I’m trying to process product data for an e-commerce platform. The goal is to understand products’ size.
Just to show you some examples on how messy product dimension description is:
Overall Dimensions: 66 in W x 41 in D x 36 in H
Overall: 59 in W x 28.75 in D x 30.75 in H
92w 37d 32h",
86.6 in W x 33.9 in D x 24 in H
W: 95.75\" D: 36.5\" H: 28.75\"",
W: 96\" D: 39.25\" H: 32\"",
"118\"W x 35\"D x 33\"T.",
"28 L x 95 W x 41 H"
"95\" W x 26.5\" H x 34.75\" D"
"98\"W x 39\"D x 29\"H"
"28\" High x 80\" Wide x 32\" Deep"
Now assume that the product dimension description is short < 60 characters, I trained a two layer bidirectional LSTM, which can handle this task perfectly.

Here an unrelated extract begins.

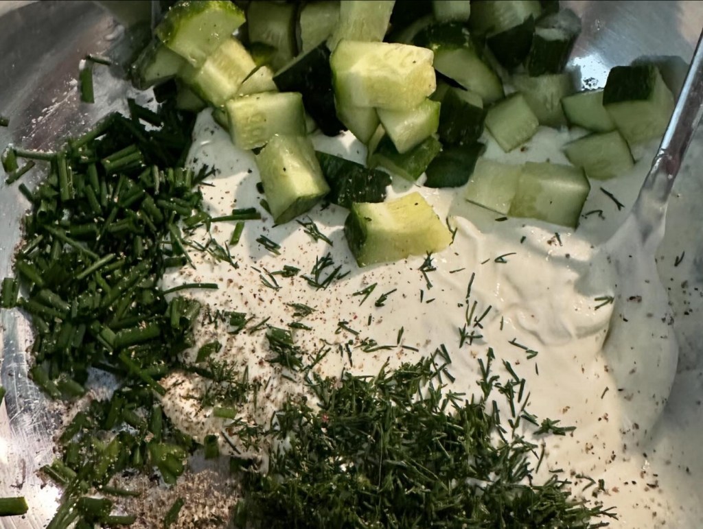Then toss them in sour cream, a little mayo, lots of fresh dill, diced cucumbers, chopped chives, a little cajun seasoning and cracked pepper. I didn’t measure anything, but it’s so easy to throw together. We LOVED it. This is gonna be a new summer fave for grilling!!!

But the problem is, the above dimension description is usually embedded in a long context (as a part of the product description). How can I extract the useful information from the long context and understand it? My LSTM can only accept context size of 60 (the general idea is the same as https://towardsdatascience.com/addressnet-how-to-build-a-robust-street-address-parser-using-a-recurrent-neural-network-518d97b9aebd)
What language model is more suitable for this?